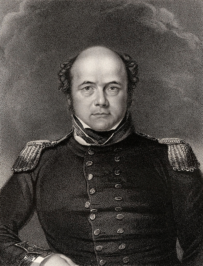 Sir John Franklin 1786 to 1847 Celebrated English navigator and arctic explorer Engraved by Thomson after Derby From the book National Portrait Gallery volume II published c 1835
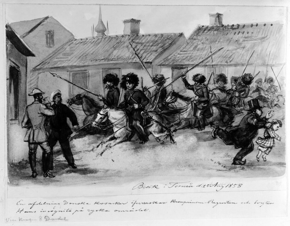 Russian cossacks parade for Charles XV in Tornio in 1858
==
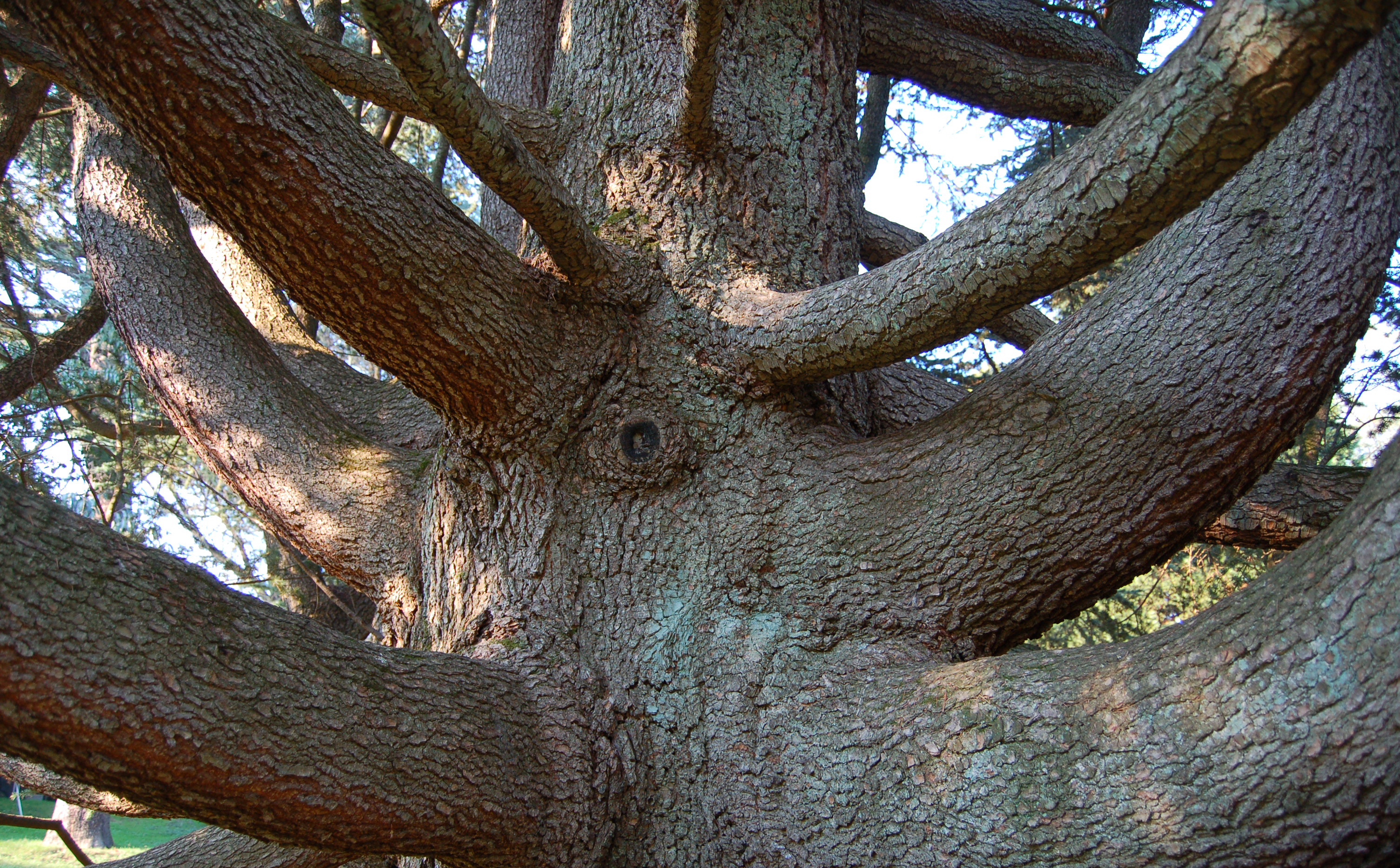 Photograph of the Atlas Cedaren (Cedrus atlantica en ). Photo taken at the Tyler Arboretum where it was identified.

AIM OF THE EXERCISE:
Please output the lines above beginning at the line with "Sir John Franklin" and ending after the line with "Russian cossacks parade", precisely as written and with no pictures.

RESPONSE TO THIS TASK:
 Sir John Franklin 1786 to 1847 Celebrated English navigator and arctic explorer Engraved by Thomson after Derby From the book National Portrait Gallery volume II published c 1835
 Russian cossacks parade for Charles XV in Tornio in 1858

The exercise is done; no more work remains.